# He doesn't see what I really need



## blueskies30 (Jan 27, 2010)

I just can't sleep tonight. I'm so upset that my Husbsnd doesn't see what I really need even though I've voiced it in so many ways. I feel like he I just give snd give snd he asks for what he needs snd after that he just goes to sleep. I'm do depressed tonight that I can't sleep and I can't stay in bed, on our last night together. He's leaving early early tomorrow morning to work in another state. He has no safe that he's coming back for a visit. 

What I need is sex and since he's leaving, I'm not going to get it for months on end. His love language is touch too, but not for sex. Tonight he wanted me to touch his back and rub him. He likes me to look for any skin perfections, I don't know why he likes me to check his skin. He does rub my leg while he's doing it but nothing else. 

I want to touch him somewhere else. Last time we had sex, I didn't get to touch his penis or even look at it. 

He's very very reserved too. When ever he's gone away for work in the past he has never done phone sex or video sex. We have all technology to do it. Part of the reason last year I was driven to have an online affair was because of his turning me down for sex. 

I can't tell him how hurt I am for me giving him what he said he needed because he's going to be gone for a long time...and me not getting what I needed even though I even at first told him no because I won't get what I need. I'm so hurt they I can't breathe. I'll probably tell him sometime once he's gone and settled and working 

I don't even want to sleep next to him tonight even though tonight is the last night that I can. I just feel too hurt and I can't hold it in, I don't want to keep him up all night with how I feel when he has to drive 12 hrs tomorrow without me. I know he's going to notice that I'm gone and be hurt and he's going to flash back to when I had the affair before he knew what was wrong then way back in July and August last year
_Posted via Mobile Device_


----------



## PBear (Nov 16, 2010)

Did you tell him tonight what you wanted or needed? Being subtle is a luxury you might not have available to you. 

C
_Posted via Mobile Device_


----------



## blueskies30 (Jan 27, 2010)

I told him I really needed it. I told him I don't have my toy anymore. He already knows since he threw it away because it would not keep its speed even with new batteries. I told him yesterday before we found out that I can't go with him, that if I couldn't go with him that he needed to get laid before he goes. He said he agreed. 

Btw the reason I can't go is because of our limited funds from moving out of our house that we just lost. I was going to go with him for a couple weeks then fly back home. He says he is really really bummed that I can't go with him. I've asked and asked what the reason is for him wanting me to go (his idea in the first place) and he says he just wants me there. 

I have a feeling the real reason is because he can't perform sexually in his parents house and he wanted me to go with him so he could perform sexually
_Posted via Mobile Device_


----------



## blueskies30 (Jan 27, 2010)

Maybe once he is settled there and has gotten a job there, he might be able to tell me why he couldn't have sex before he left. 

He's possibly not coming home until September. Although there is a house available for rent in August where he is going. He's mentioned once about coming home in September, so it's confusing. I don't even want to think that we will be together again in August. Something could fall through, just like every other living situation
_Posted via Mobile Device_


----------



## ffp20 (Nov 13, 2011)

Dont beat around the bush. dont be shy. Just friggin tell him in direct terms what u want/need. If you're insecure about doing that i suggest getting help for that. wish my wife would.


----------



## lamaga (May 8, 2012)

Blue, I think you know that I am quite fond of you, so I hope you take this in the friendly spirit in which it is intended.

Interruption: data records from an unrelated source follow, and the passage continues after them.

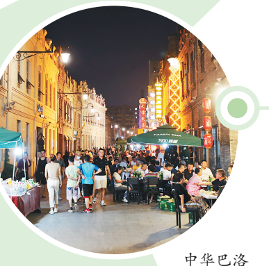
中华巴洛克游人很多。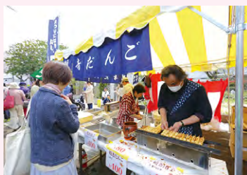
グルメを中心に多彩な屋台が軒を連ねます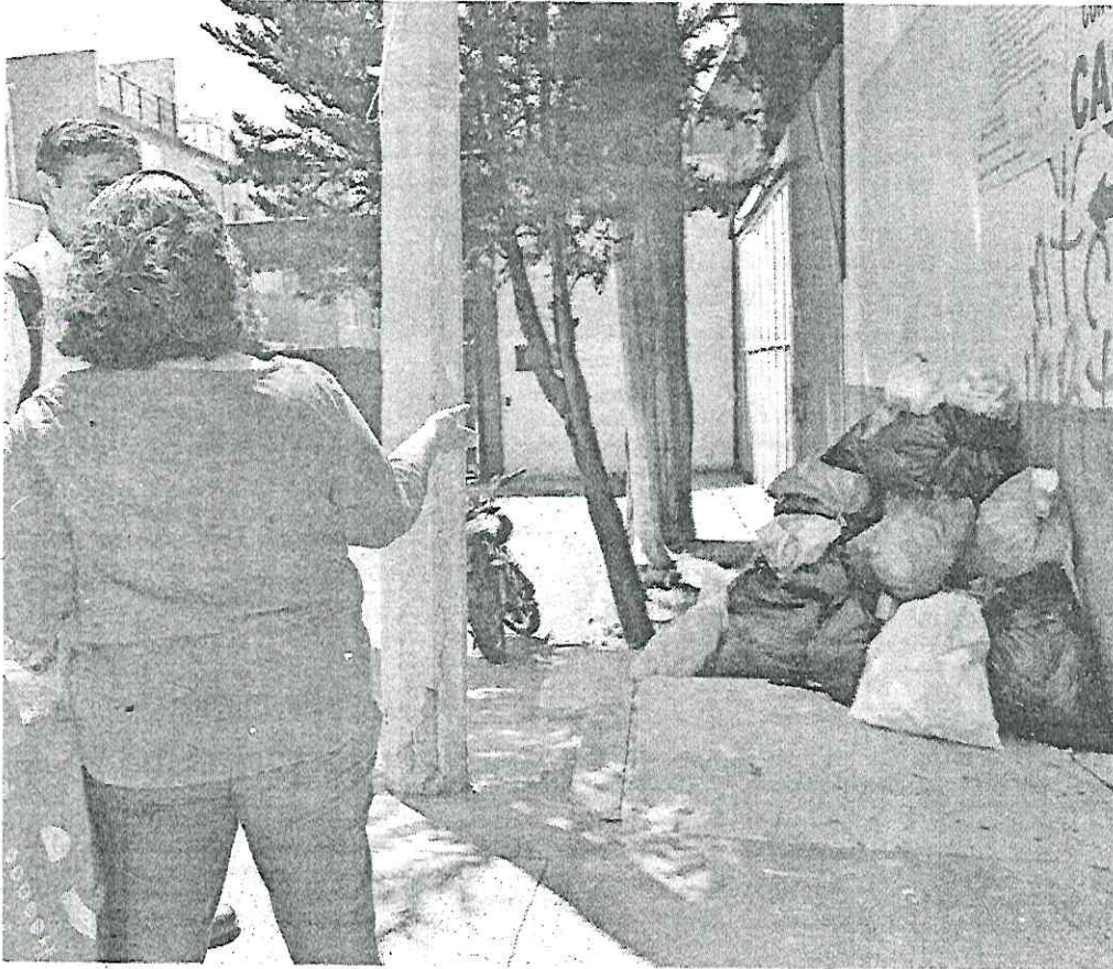
Algunos espacios de la Colonia Educación lucen en el olvido, pues, incluso, algunas banquetas se han convertido en tiraderos de basura al aire libre.

res son estudiantes del CE-CyT y, en algunos casos, los alumnos piden las bebidas para llevar y así consumirlas en parques de la zona, explicó la residente.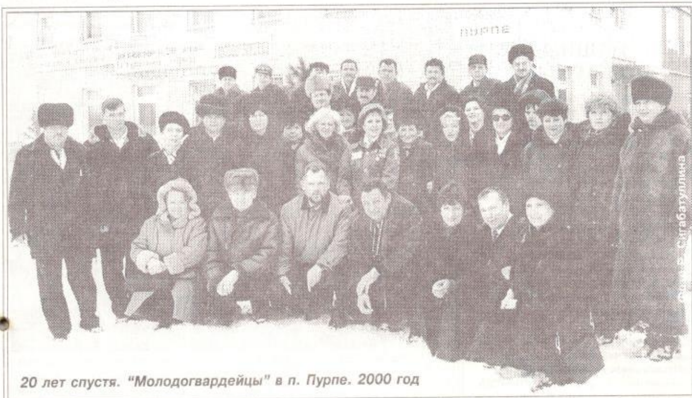
20 лет спустя. "Молодогвардейцы" в п. Пурпе. 2000 год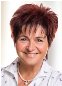
Bürgermeisterin Gerlinde Schneider

Sprechstunden montags und mittwochs jeweils von 8 bis 9 und freitags von 16 bis 17 Uhr.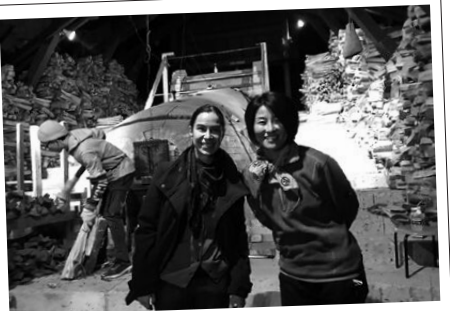
まへ 登り窯の前で ともだち (友達になった陶芸大学の学生さんと)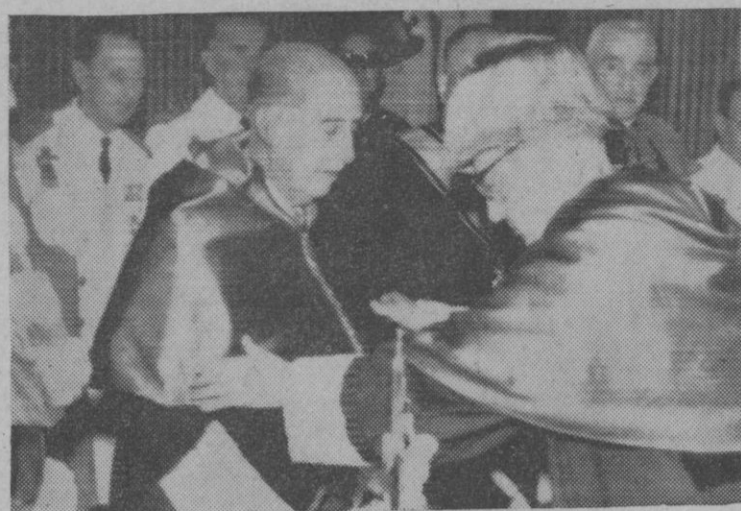
Su Excelencia el Jefe del Estado, en el momento de recibir la investidura de doctor "honoris causa" en Ciencias por la Universidad de Santiago de Compostela, en solemne sesión académica. El decano de la Facultad impone al Caudillo la muceta de doctor.

Alicante, 30.—A primera hora de la madrugada se observó en el cielo, sobre la playa de la Albufera, un objeto brillante y fijo, que llamó la atención de las numerosas personas que a esas horas regresaban a la ciudad en automóvil, de los lugares próximos.—Cifra.

You've posted on quite a few different threads, but putting things together, what struck me was that _he wanted you to go with him_. Right? And you did not, for various reasons that I'm sure are valid, and then you talked a lot about needing a new "toy".

Is it possible that he feels like you don't care about him or value him as a person, but you just want the sex? That could explain the no sex last night, if he feels like he's easily replaceable by a "toy".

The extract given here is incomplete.